# Lest ihr lieber Tests/Reviews zu Produkten, oder schaut ihr lieber (gut gemachte) Test-/Review-Videos an?



## INU.ID (29. Juni 2019)

Hi.

Die Frage im Titel erklärt ja eigentlich schon alles. Lest ihr lieber klassische Tests und Reviews von irgendwelchen Produkten in Textform (*natürlich mit Fotos/Bildern*), oder schaut ihr lieber (gut gemachte! also auch mit Inhaltsverzeichnis/Timestamps usw) Test- bzw. Review-Videos? Habt ihr vielleicht sogar schon bestimmte Lieblings-Tester? Oder habt ihr vielleicht sogar Tests für die einen Produkte lieber als Text, für die anderen aber lieber als Videos?

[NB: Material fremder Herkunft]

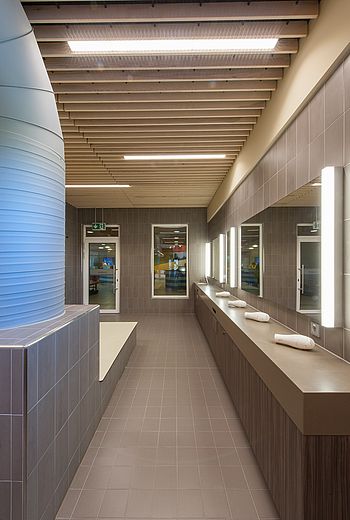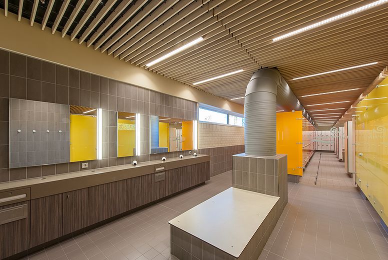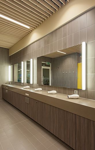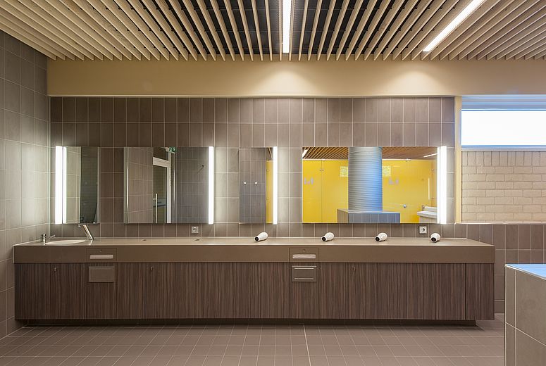 The aim of the commissioned Foest Architecture office was to modernise the heavily used premises on the basis of current regulations and technical requirements, both structurally and constructively, in such a way that they continue to attract vistors to the swimming pool. For reasons of hygiene, the 400 square metre changing area was completely gutted. This opportunity offered the opportunity to optimise the room structures and to make the walk-through areas more goal-oriented. The integration of the hairdryer and make-up table into the changing room, for example, brought increased revenue at the checkout and waiting areas. With the reduction in the number of individual changing rooms in favour of collective and family changing areas, the range of products on offer for groups has increased.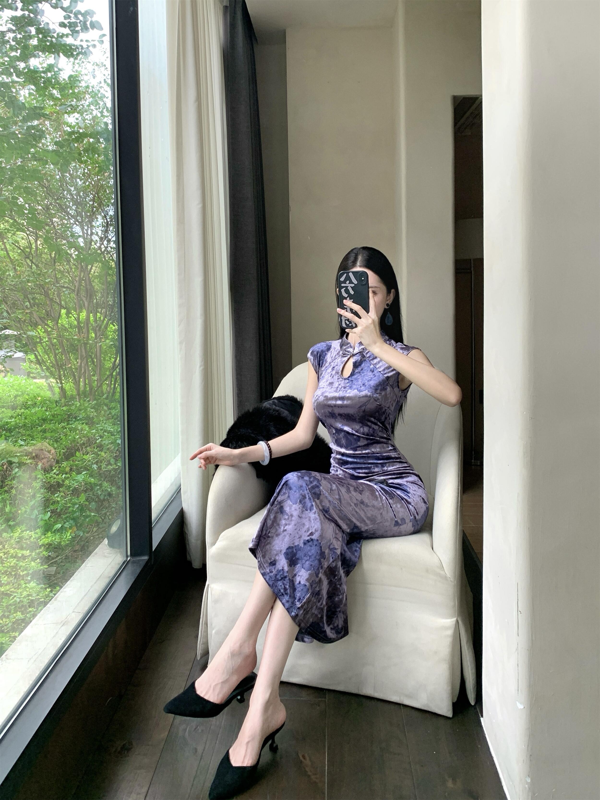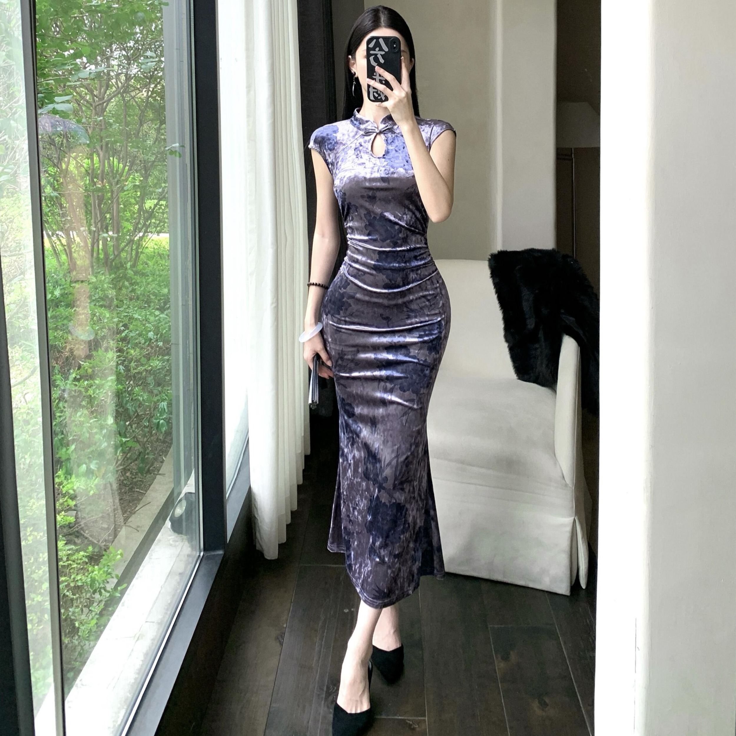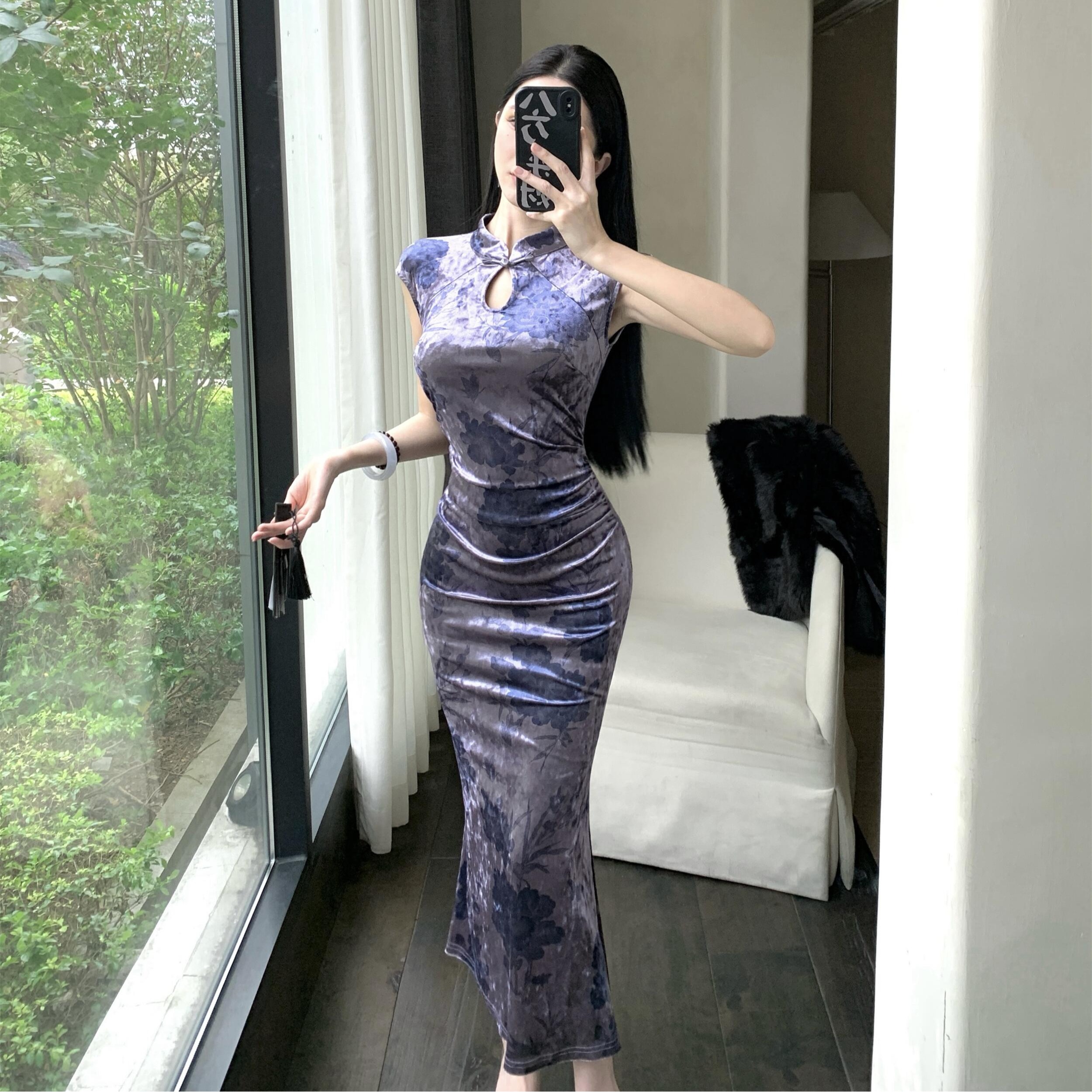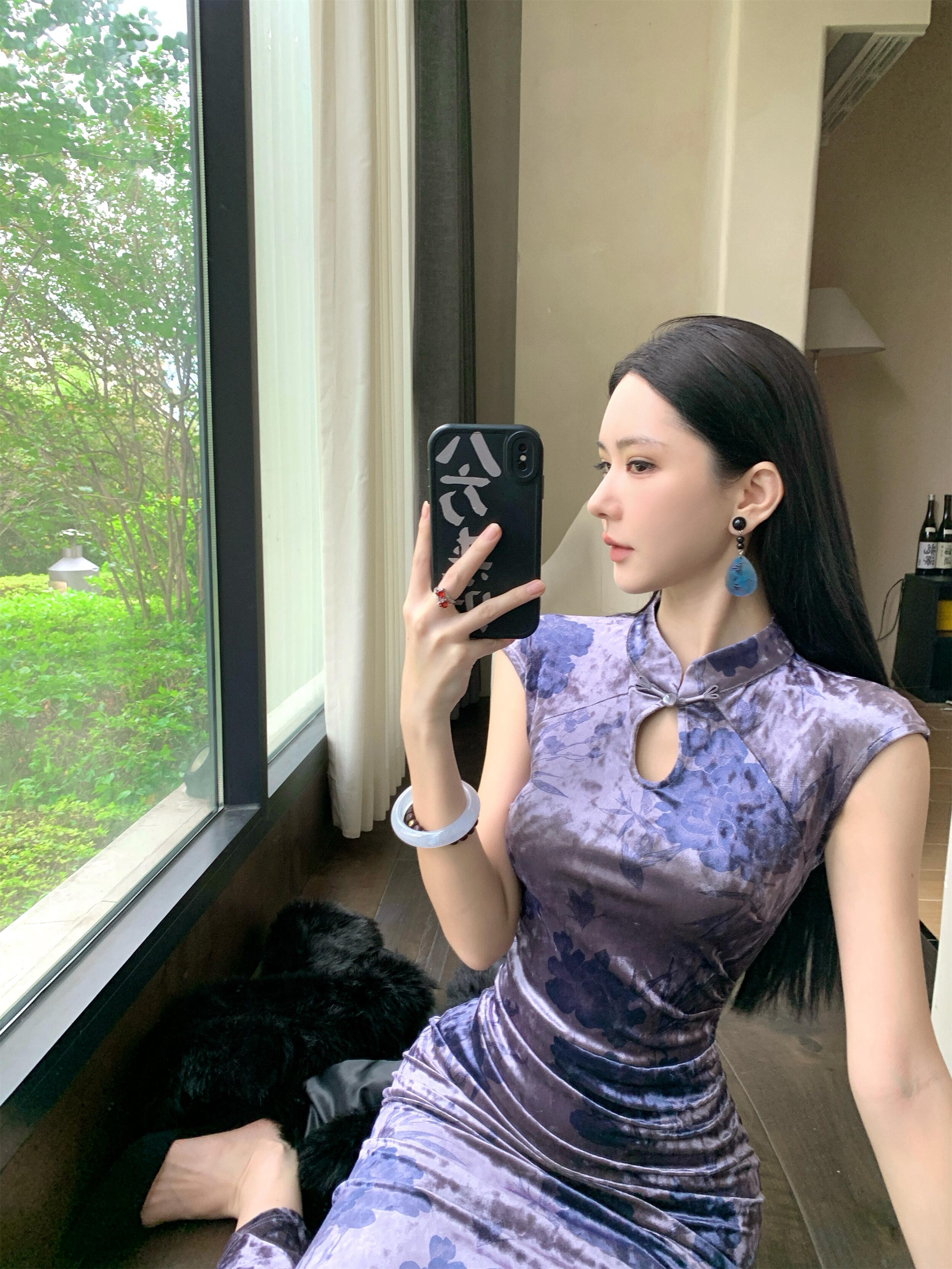 MY17253# 新中式改良旗袍丝绒印花显瘦百搭无袖包臀鱼尾长裙连衣裙女裝貨源服裝批發

Und wenn es geht bitte mit Begründung.

Es geht hier um wirklich alle Themenbereiche, also nicht nur Computer-Hardware oder -Software, sondern auch Fernseher, Zahnpasta, Rasierer, Autos, Urlaub/Hotels, Versicherungen, Rasenmäher usw.


----------



## Rotkaeppchen (29. Juni 2019)

Ich hasse Videos.... !

- Zuviel Geschwätz
 - keine vorher lesbare Gliederung
- keine Zusammenfassung, die man zuerst lesen kann
- ständig muss man anhalten, um z.B. Diagramme in Ruhe zu bewerten
- Ebenso bei Detailaufnahmen

=> Zeitverschwendung, Fotos und Text bringen mir viel mehr

Und der wichtigste Punkt:
- _Wenn ich einen Test in der PCGH lese dann weiß ich dass der Inhalt  korrekt und penibel getestet wurde, alle Rahmenbedingungen sind klar und  beschrieben und die Infos sind rein sachlich _ (Danke Incredible)



INU.ID schrieb:


> Es geht hier um wirklich alle Themenbereiche, also  nicht nur Computer-Hardware oder -Software, sondern auch Fernseher,  Zahnpasta, Rasierer, Autos, Urlaub/Hotels, Versicherungen, Rasenmäher  usw.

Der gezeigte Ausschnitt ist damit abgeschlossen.